Extracted material —
=-=-=
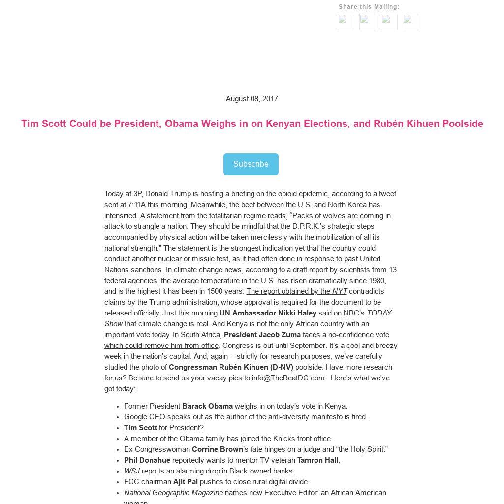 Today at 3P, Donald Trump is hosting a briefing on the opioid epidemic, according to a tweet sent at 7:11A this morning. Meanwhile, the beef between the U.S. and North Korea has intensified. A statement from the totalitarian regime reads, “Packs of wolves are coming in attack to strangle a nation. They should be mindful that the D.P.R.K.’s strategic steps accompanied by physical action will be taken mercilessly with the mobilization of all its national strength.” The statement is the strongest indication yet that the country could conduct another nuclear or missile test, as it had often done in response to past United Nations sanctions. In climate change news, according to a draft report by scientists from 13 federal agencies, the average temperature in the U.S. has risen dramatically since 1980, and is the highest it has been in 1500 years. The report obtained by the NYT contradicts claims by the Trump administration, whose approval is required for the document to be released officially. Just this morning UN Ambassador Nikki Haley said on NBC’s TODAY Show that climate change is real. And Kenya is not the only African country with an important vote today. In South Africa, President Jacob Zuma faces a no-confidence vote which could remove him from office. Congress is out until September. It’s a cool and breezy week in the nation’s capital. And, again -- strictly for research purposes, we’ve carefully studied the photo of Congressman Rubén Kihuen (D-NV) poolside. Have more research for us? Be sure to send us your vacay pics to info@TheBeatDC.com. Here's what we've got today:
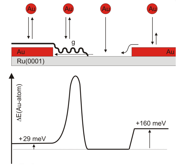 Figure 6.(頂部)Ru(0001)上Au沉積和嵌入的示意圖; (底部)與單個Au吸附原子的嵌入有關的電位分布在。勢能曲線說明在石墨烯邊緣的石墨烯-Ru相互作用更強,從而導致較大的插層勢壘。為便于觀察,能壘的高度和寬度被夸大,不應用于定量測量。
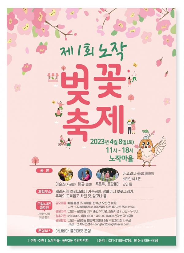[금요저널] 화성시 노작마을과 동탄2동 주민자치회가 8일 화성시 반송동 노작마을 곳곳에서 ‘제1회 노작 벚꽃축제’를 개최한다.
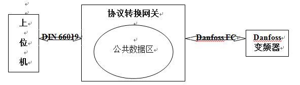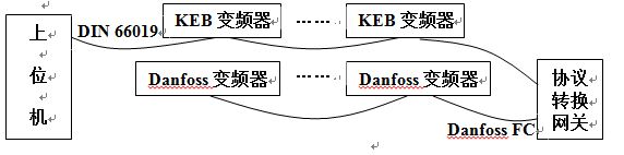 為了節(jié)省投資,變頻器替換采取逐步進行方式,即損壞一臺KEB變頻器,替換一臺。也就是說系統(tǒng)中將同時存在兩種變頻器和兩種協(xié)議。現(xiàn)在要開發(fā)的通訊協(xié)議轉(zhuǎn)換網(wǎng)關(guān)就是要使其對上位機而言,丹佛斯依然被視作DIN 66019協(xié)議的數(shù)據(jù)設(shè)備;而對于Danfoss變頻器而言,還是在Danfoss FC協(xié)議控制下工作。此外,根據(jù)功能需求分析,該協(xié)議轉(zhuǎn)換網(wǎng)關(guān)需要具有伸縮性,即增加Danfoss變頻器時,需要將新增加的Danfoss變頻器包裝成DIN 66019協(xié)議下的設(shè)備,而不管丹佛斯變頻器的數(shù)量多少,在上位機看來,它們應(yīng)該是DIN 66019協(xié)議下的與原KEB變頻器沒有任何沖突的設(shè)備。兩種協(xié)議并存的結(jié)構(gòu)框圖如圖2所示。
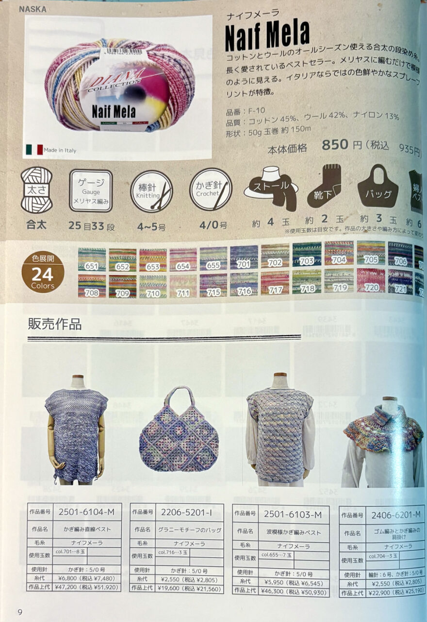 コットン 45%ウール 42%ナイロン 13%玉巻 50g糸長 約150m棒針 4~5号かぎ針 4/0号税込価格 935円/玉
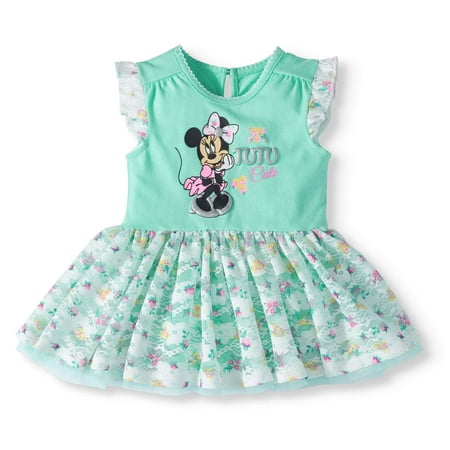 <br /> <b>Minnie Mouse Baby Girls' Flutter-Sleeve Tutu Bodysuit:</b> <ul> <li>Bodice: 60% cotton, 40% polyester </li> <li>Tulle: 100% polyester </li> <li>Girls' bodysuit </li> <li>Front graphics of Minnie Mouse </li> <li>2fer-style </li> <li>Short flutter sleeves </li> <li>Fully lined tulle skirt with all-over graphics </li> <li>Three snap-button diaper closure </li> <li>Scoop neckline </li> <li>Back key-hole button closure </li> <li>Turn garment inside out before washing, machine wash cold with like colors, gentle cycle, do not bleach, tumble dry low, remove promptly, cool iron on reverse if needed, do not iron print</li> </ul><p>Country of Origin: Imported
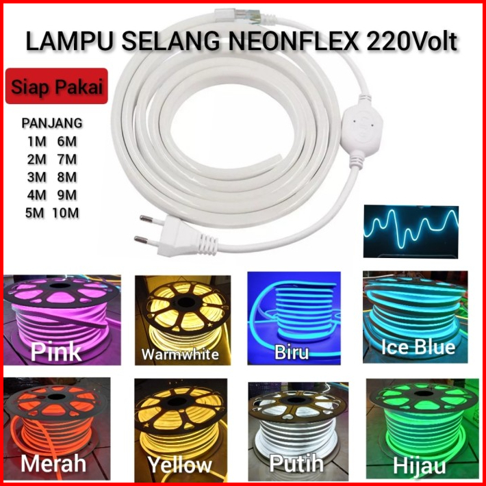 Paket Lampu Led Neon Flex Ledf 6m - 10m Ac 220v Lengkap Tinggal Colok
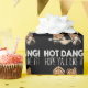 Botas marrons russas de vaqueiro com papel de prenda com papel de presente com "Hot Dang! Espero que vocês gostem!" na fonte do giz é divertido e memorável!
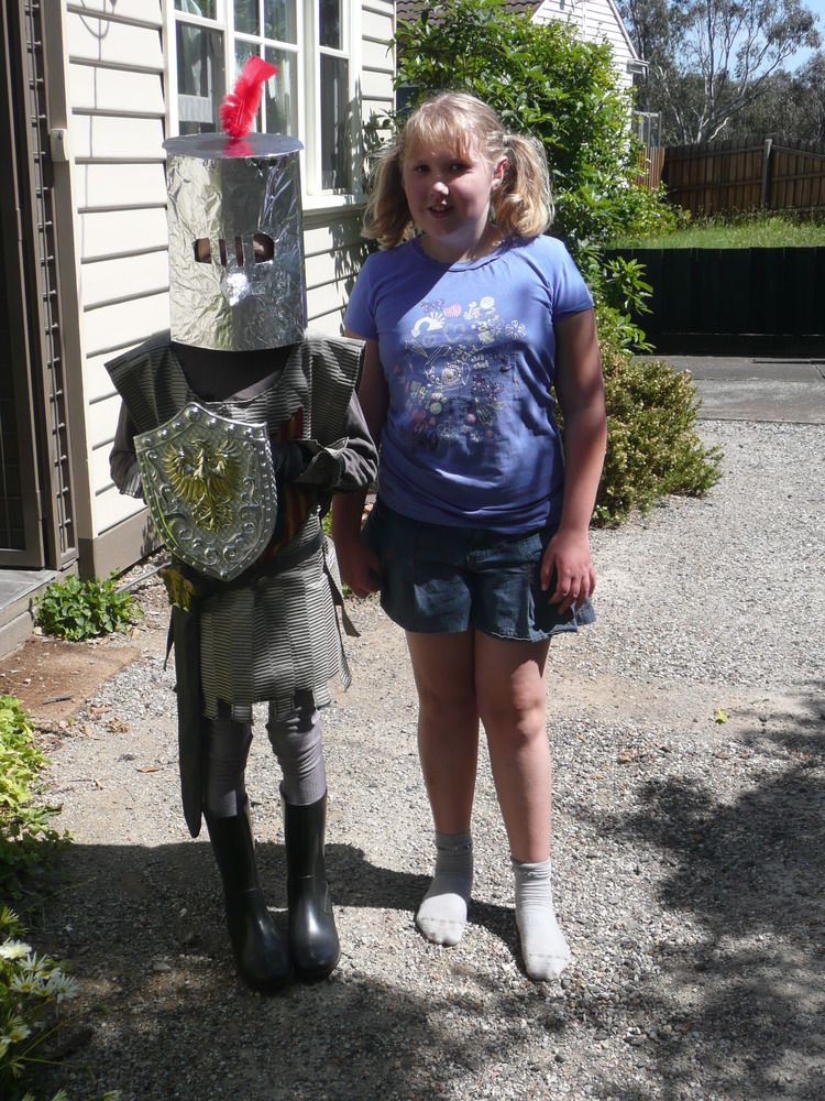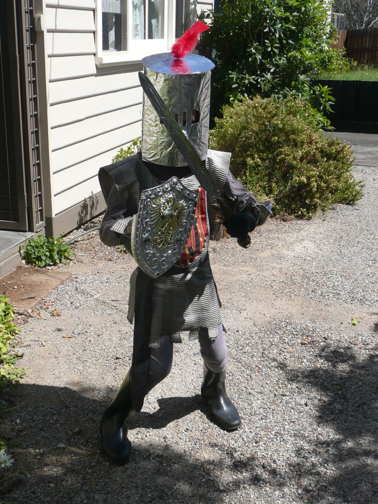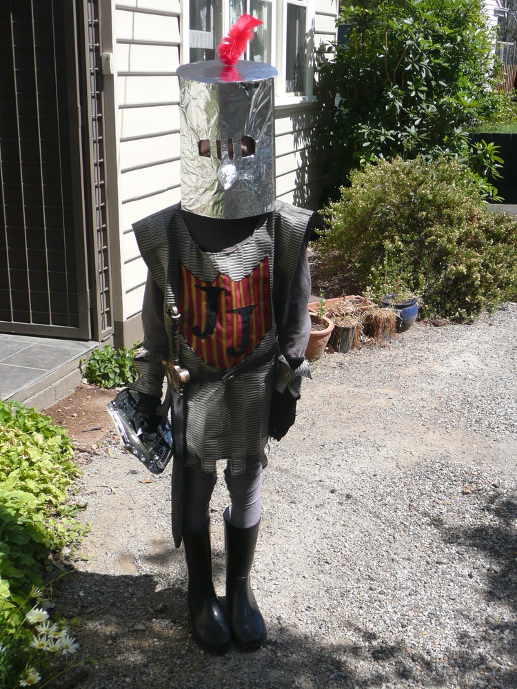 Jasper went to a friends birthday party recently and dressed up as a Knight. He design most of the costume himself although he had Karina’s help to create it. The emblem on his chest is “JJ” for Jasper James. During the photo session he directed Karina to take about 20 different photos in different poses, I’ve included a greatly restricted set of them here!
=-=-=
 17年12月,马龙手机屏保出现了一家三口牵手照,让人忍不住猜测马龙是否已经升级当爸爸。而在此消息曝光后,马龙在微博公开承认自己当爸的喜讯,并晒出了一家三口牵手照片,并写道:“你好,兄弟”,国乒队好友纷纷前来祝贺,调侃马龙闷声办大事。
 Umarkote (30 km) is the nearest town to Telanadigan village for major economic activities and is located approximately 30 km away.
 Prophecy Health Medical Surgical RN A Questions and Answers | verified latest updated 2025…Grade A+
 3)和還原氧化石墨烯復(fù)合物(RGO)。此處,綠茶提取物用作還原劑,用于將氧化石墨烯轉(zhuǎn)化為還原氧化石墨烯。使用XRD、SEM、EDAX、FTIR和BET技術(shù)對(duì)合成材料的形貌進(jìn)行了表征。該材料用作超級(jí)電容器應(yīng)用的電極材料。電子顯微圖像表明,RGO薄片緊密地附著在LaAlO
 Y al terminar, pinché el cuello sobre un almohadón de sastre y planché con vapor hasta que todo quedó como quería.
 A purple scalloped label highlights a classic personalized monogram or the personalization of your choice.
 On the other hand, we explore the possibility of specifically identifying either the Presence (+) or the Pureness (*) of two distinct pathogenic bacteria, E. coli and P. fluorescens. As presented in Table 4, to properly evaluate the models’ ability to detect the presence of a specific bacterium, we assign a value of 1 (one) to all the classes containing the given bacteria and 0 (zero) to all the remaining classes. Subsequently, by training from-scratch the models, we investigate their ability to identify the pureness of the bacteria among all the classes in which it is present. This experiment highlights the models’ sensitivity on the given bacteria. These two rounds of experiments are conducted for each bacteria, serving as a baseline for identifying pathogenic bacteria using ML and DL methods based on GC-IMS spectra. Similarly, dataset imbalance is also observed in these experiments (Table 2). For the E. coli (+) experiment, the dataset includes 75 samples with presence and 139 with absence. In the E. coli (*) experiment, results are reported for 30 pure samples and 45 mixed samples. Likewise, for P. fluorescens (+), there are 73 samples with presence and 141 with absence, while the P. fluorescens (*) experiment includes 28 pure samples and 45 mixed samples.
=-=-=
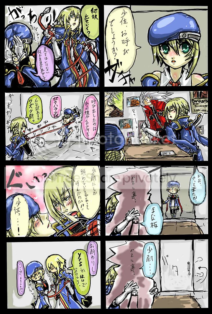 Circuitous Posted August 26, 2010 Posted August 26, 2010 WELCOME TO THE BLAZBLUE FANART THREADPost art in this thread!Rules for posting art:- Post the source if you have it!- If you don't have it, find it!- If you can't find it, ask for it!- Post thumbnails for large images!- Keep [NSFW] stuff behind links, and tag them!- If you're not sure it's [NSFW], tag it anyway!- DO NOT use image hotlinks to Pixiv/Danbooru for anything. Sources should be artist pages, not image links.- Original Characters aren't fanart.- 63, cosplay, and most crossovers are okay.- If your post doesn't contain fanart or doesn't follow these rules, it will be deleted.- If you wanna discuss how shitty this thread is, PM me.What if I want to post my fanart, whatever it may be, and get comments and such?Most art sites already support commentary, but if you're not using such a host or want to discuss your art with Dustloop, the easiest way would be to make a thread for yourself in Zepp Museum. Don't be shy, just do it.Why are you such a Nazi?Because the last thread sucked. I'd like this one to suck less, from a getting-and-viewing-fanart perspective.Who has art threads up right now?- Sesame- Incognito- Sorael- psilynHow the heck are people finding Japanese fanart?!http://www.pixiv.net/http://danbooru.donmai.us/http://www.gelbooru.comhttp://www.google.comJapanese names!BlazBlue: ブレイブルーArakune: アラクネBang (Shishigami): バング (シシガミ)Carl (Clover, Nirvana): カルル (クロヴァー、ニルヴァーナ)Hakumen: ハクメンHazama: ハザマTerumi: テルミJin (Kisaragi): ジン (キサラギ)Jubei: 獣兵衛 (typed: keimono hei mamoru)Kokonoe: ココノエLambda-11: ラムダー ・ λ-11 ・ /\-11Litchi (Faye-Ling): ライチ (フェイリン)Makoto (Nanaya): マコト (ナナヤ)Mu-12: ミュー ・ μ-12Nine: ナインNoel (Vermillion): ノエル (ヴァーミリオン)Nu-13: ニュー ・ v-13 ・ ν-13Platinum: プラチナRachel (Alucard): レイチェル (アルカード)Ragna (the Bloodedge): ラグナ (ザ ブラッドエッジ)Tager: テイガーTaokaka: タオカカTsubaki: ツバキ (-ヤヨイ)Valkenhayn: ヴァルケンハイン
=-=-=
What is expected — Find the string "highlights" in the entries above and return each line that holds it.

Expected output —
 A purple scalloped label highlights a classic personalized monogram or the personalization of your choice.
 On the other hand, we explore the possibility of specifically identifying either the Presence (+) or the Pureness (*) of two distinct pathogenic bacteria, E. coli and P. fluorescens. As presented in Table 4, to properly evaluate the models’ ability to detect the presence of a specific bacterium, we assign a value of 1 (one) to all the classes containing the given bacteria and 0 (zero) to all the remaining classes. Subsequently, by training from-scratch the models, we investigate their ability to identify the pureness of the bacteria among all the classes in which it is present. This experiment highlights the models’ sensitivity on the given bacteria. These two rounds of experiments are conducted for each bacteria, serving as a baseline for identifying pathogenic bacteria using ML and DL methods based on GC-IMS spectra. Similarly, dataset imbalance is also observed in these experiments (Table 2). For the E. coli (+) experiment, the dataset includes 75 samples with presence and 139 with absence. In the E. coli (*) experiment, results are reported for 30 pure samples and 45 mixed samples. Likewise, for P. fluorescens (+), there are 73 samples with presence and 141 with absence, while the P. fluorescens (*) experiment includes 28 pure samples and 45 mixed samples.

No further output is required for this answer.